Once cattlemen have established a target date or time, they need to put a "game plan" in place, says Jeff Heldt, nutritionist for Land O' Lakes Purina Feed.

"That includes the people--who is going to do what--and the facilities," he says. Knowing who is going to feed, walk pens and track data is a key.

"Then they need to start thinking about what nutritional package they need to put together," Heldt says.

Ahead of time, that program should include highly available trace minerals and vitamins, he says. "That gets the immune system primed before the stressful event."

Getting calves used to eating out of a bunk will increase success, too.

"Depending upon the production system at the ranch, it is helpful to expose calves prior to weaning to automatic watering systems, eating out of a bunk and having access to a highly palatable ration," Irsik says.

Some producers put out a silage mixture; others offer good-quality, free-choice hay to get them accustomed to a new feed source.
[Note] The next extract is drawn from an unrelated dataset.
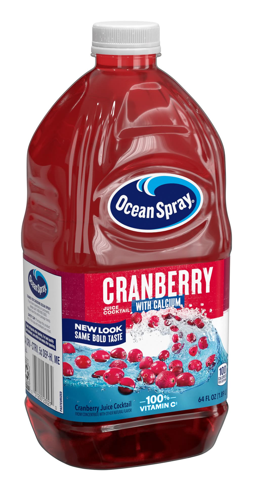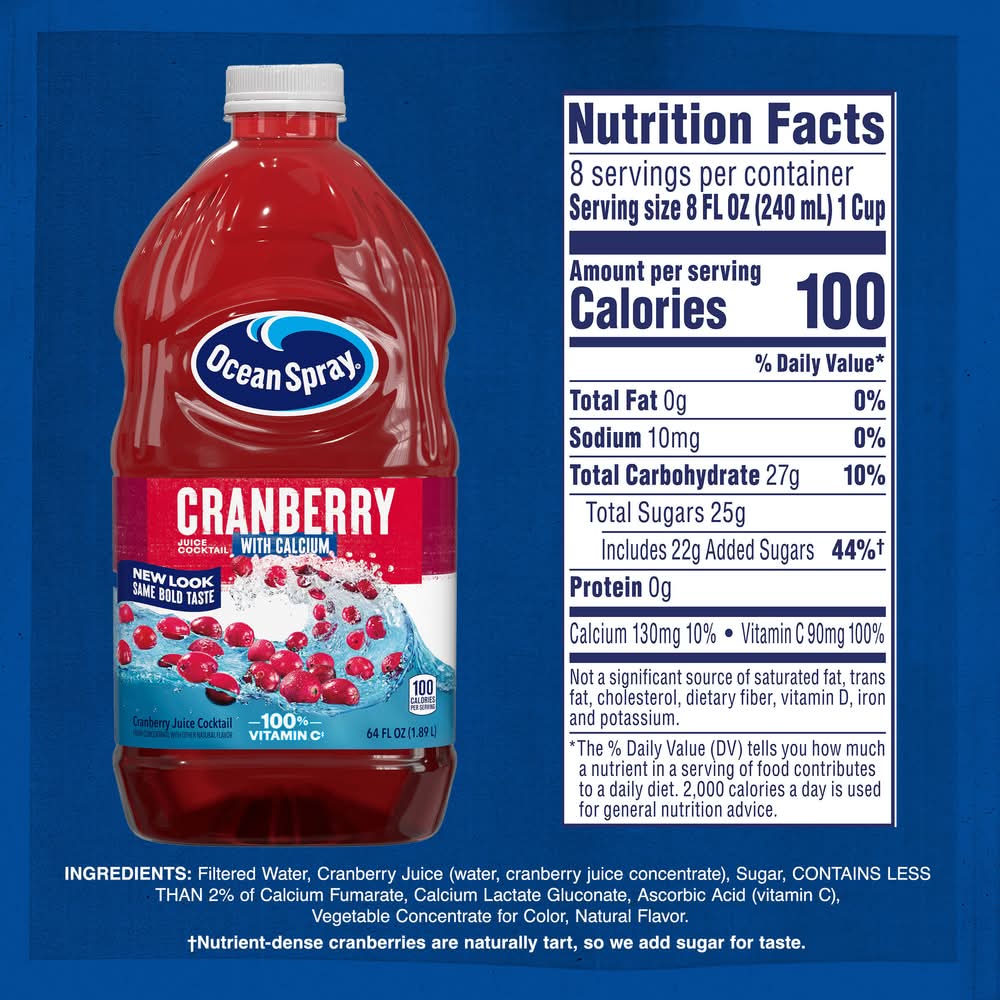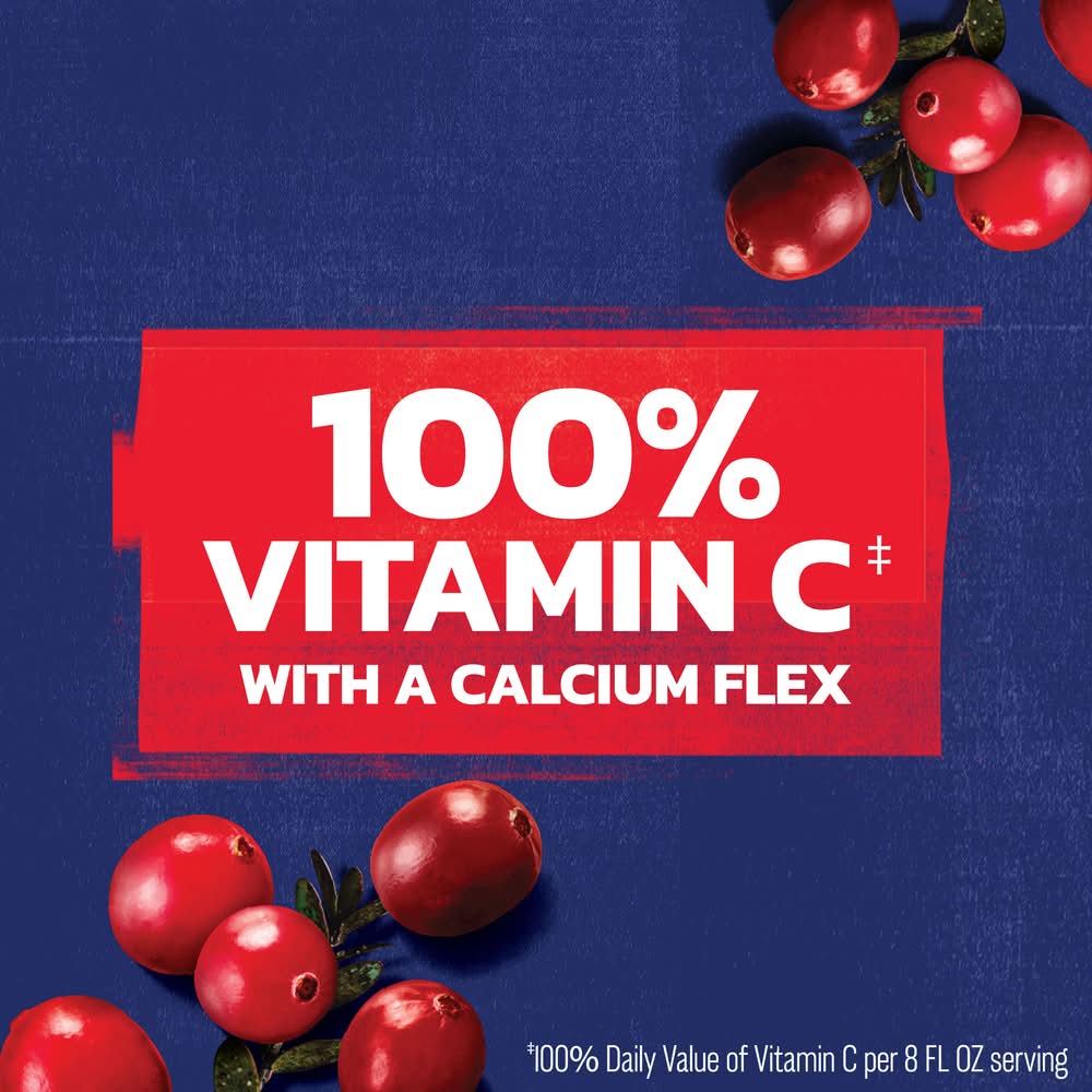 100% Vitamin C. The perfect juice drink with mighty cranberry and a calcium flex. • Flavor: Cranberry • Ocean Spray Cranberries, Inc., Lakeville-Middleboro,MA,02349,US • Packaging: Reusable

Heldt says that probably depends on what the weaning ration will be and the ranch resources.

"It's got to be highly palatable to drive intake," he says, "and pretty nutrient dense, because those intakes the first week or 10 days could be very, very low. There also needs to be a balance between highly fermentable energy and roughage, to avoid any digestive upsets or acidosis instances."

Straight alfalfa, for example, could cause bloat, but mixing that with grass hay might curb the problem.

Heldt says they look for calves to eventually eat 3 percent to 3.5 percent of their body weight. Purina sells complete pelleted feeds if roughage is available or texturized feed with roughage built in, to help get calves started and up to that intake target.

"Whatever you use, the main goal is to maintain a performance level of 2.5 to 3 pound average daily gain," he says. "That way the cattle don't get pushed too hard, but maintain a health and performance status so the feedyard can be successful after that."

Keeping cattle on the same plane of nutrition between weaning and sending to a feedyard will help preserve beef quality-grade potential later on.

"Looking at it from a feedyard standpoint, that time period is probably as critical as any," Heldt says, noting that implant strategies are ideally coordinated with the next person down the line.

Irsik points out that a good weaning program probably benefits cow-calf producers more if they're retaining ownership, but he says it's the responsible thing to do regardless.

"Even if they feel that they are not getting paid for it, it's the job of the cow-calf producer to prepare those animals for the next stage of production," he says.

School teachers appreciate students who come to class with the right supplies and attitude. It makes sense that feeders would want healthy calves that are ready to eat and fit seamlessly into their operations.